» Required work: Could you retype all of the entries exactly, without their pictures?

» Material provided:
------------------------------------------------
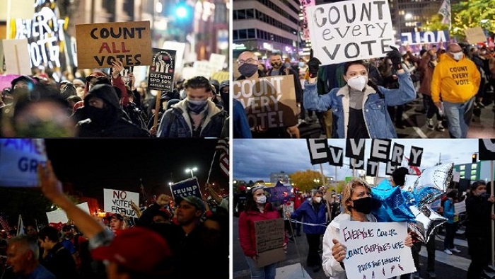 ভোট গণনা নিয়ে উত্তেজনা চরমে, যুক্তরাষ্ট্রের বিভিন্ন শহরে বিক্ষোভ
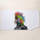 Funny Punk Rocker Parrot avec coiffure mohican portant une veste en cuir.
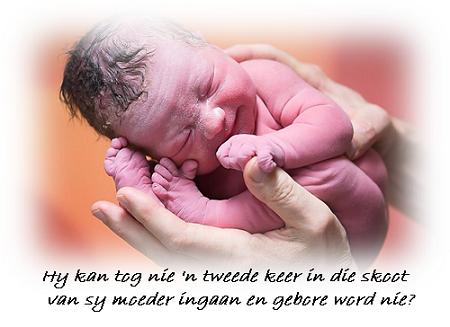 Ons is die nuwe geestelike baba en ons word uit God gebore, met die Heilige Gees as die vroedvrou wat die geboorte laat plaasvind. Sonder die wedergeboorte, die tweede geboorte of die een van bo, kan geen mens God sien nie.
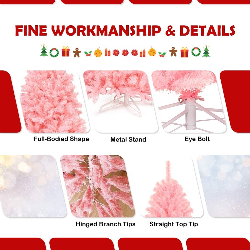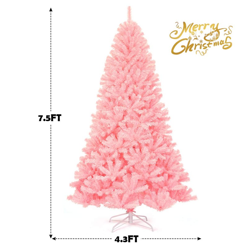HAPPYGRILL 7.5FT Artificial Pink Christmas Tree with Stand New PVC Material Rich Thicken Tips Christmas Festival Decoration
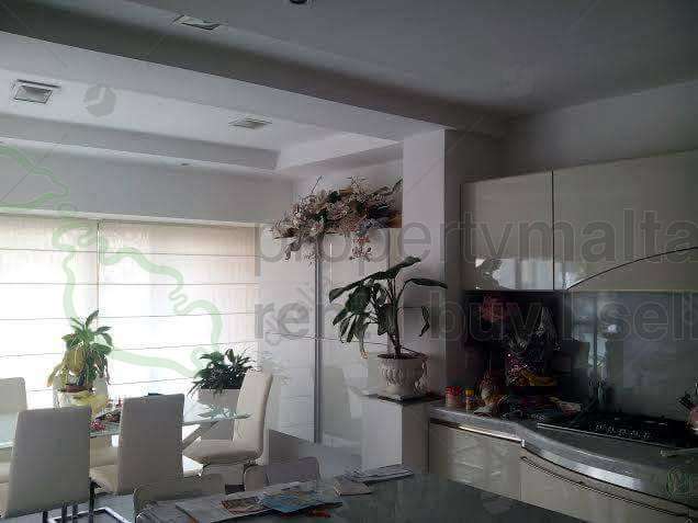 Spacious, square layout apartment situated in a quiet residential area of St Julian`s. The property comes in the form of a hall, living room leading onto a well-sized terrace enjoying open and distant sea views, fitted kitchen/dining area, three double bedrooms main with ensuite, main bathroom, laundry room and two back balconies. Included is an underlying one-car lock-up garage. Highly recommended.
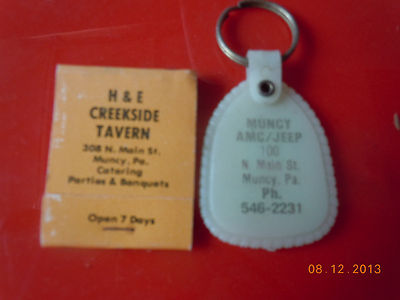 MUNCY PA AMC JEEP KEYCHAIN and H & E CREEKSIDE TAVERN MATCHES VINTAGE ADS
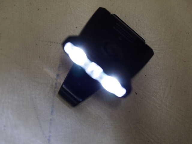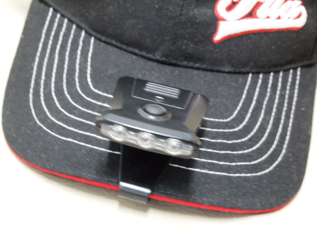 ご覧いただきありがとうございます。今回はLEDキャップライトを紹介します。作業する時にどうしても両手が必要な時には便利です。クリップ式で2ホワイトLED+1レッドLEDです。クリップは180度可動式です。重さは電池の入った状態で30gと軽量です。夜のランニングで帽子に装着して走るもヨシ!
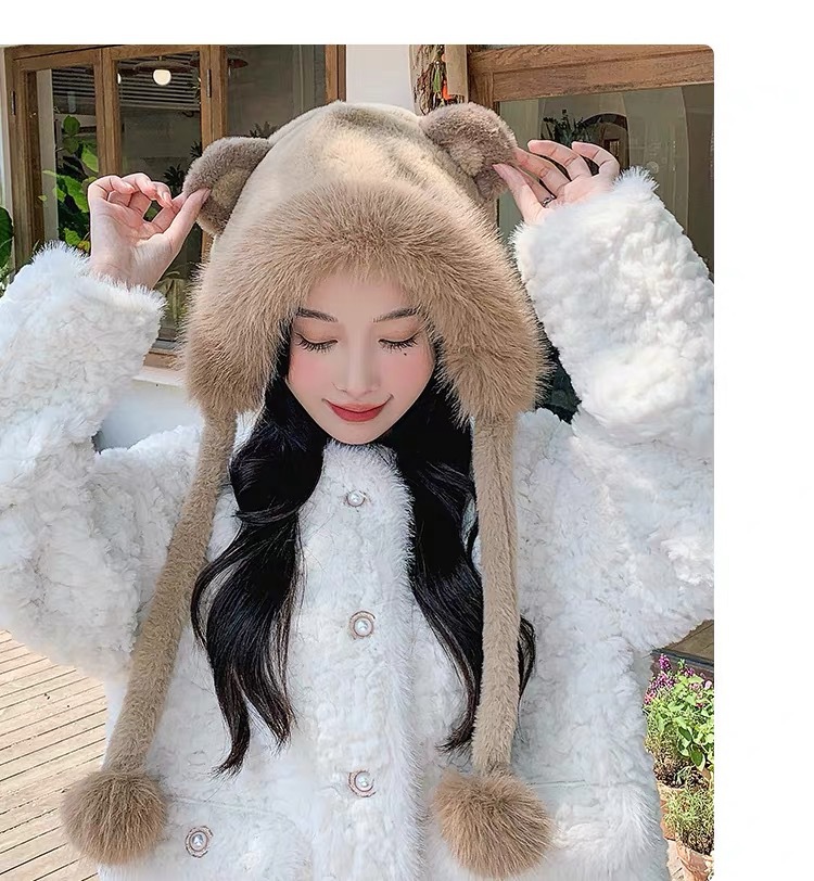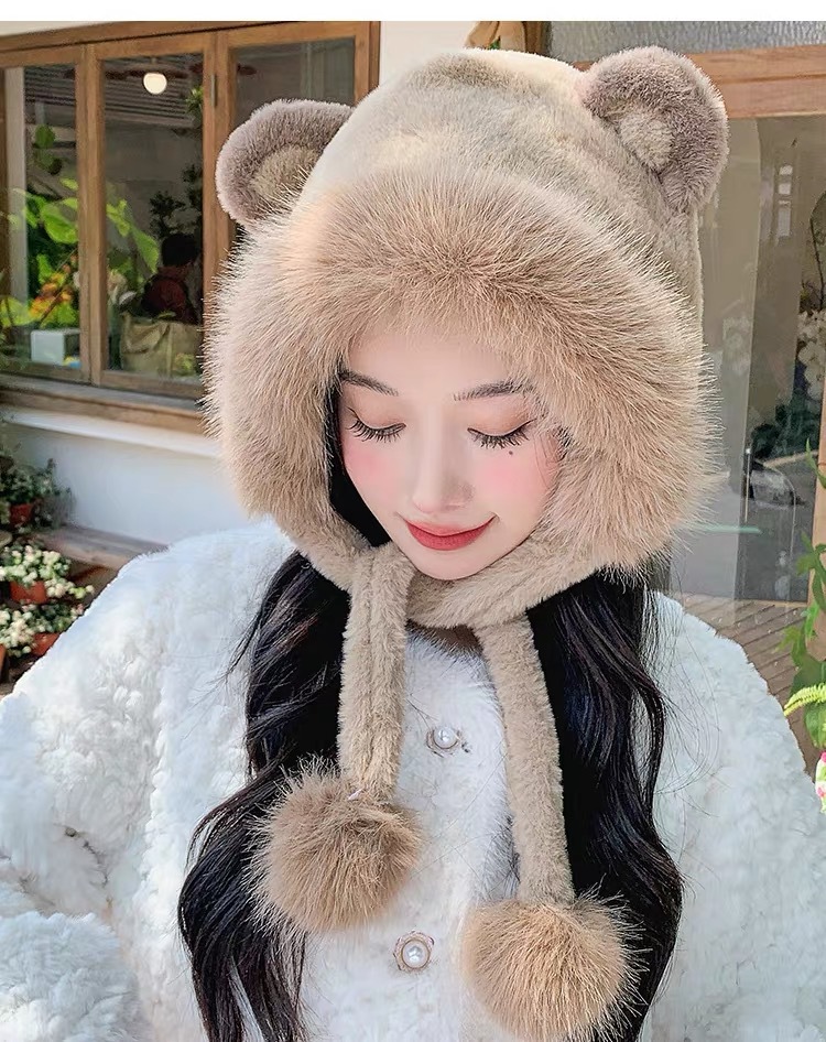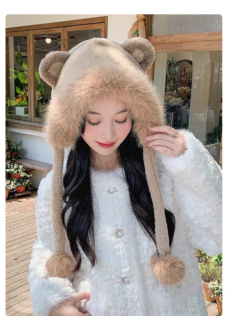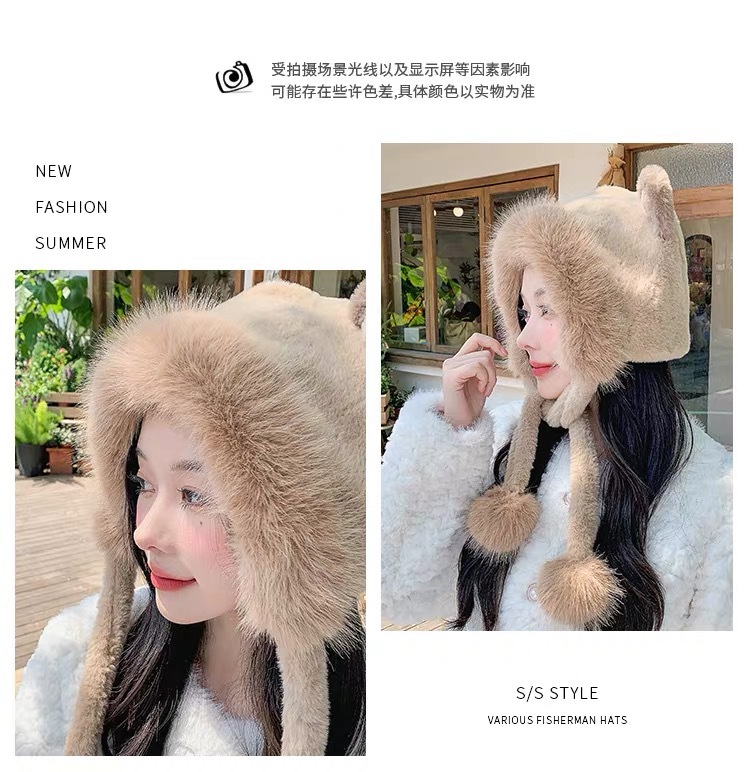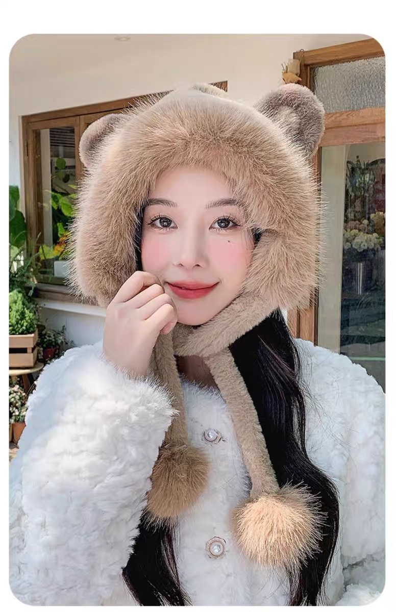 long shoelace fluffy ball cap-coffee color
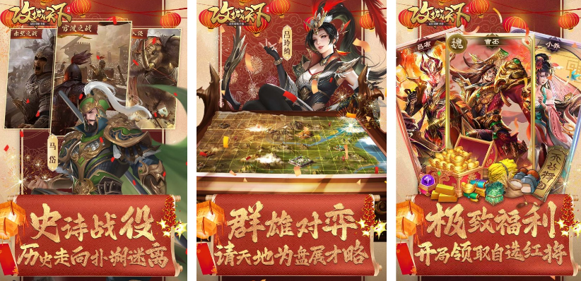 以三国乱世为背景,《国战来了》融合城建经营、武将养成与即时国战三大支柱玩法。玩家可选择刘备、曹操、孙权等阵营代表人物开局,逐级扩建郡县、修建箭塔与粮仓,提升人口承载与军备产能;随等级开放招募系统,集齐名将组建专属军团,搭配兵种克制与阵型布防,在大型地图上发动攻城战、野战与伏击战。地理系统严格参照汉末地形建模,战场环境直接影响行军速度与战术选择,增强策略纵深感。
------------------------------------------------
» Problem solution:
 ভোট গণনা নিয়ে উত্তেজনা চরমে, যুক্তরাষ্ট্রের বিভিন্ন শহরে বিক্ষোভ
 Funny Punk Rocker Parrot avec coiffure mohican portant une veste en cuir.
 Ons is die nuwe geestelike baba en ons word uit God gebore, met die Heilige Gees as die vroedvrou wat die geboorte laat plaasvind. Sonder die wedergeboorte, die tweede geboorte of die een van bo, kan geen mens God sien nie.
HAPPYGRILL 7.5FT Artificial Pink Christmas Tree with Stand New PVC Material Rich Thicken Tips Christmas Festival Decoration
 Spacious, square layout apartment situated in a quiet residential area of St Julian`s. The property comes in the form of a hall, living room leading onto a well-sized terrace enjoying open and distant sea views, fitted kitchen/dining area, three double bedrooms main with ensuite, main bathroom, laundry room and two back balconies. Included is an underlying one-car lock-up garage. Highly recommended.
 MUNCY PA AMC JEEP KEYCHAIN and H & E CREEKSIDE TAVERN MATCHES VINTAGE ADS
 ご覧いただきありがとうございます。今回はLEDキャップライトを紹介します。作業する時にどうしても両手が必要な時には便利です。クリップ式で2ホワイトLED+1レッドLEDです。クリップは180度可動式です。重さは電池の入った状態で30gと軽量です。夜のランニングで帽子に装着して走るもヨシ!
 long shoelace fluffy ball cap-coffee color
 以三国乱世为背景,《国战来了》融合城建经营、武将养成与即时国战三大支柱玩法。玩家可选择刘备、曹操、孙权等阵营代表人物开局,逐级扩建郡县、修建箭塔与粮仓,提升人口承载与军备产能;随等级开放招募系统,集齐名将组建专属军团,搭配兵种克制与阵型布防,在大型地图上发动攻城战、野战与伏击战。地理系统严格参照汉末地形建模,战场环境直接影响行军速度与战术选择,增强策略纵深感。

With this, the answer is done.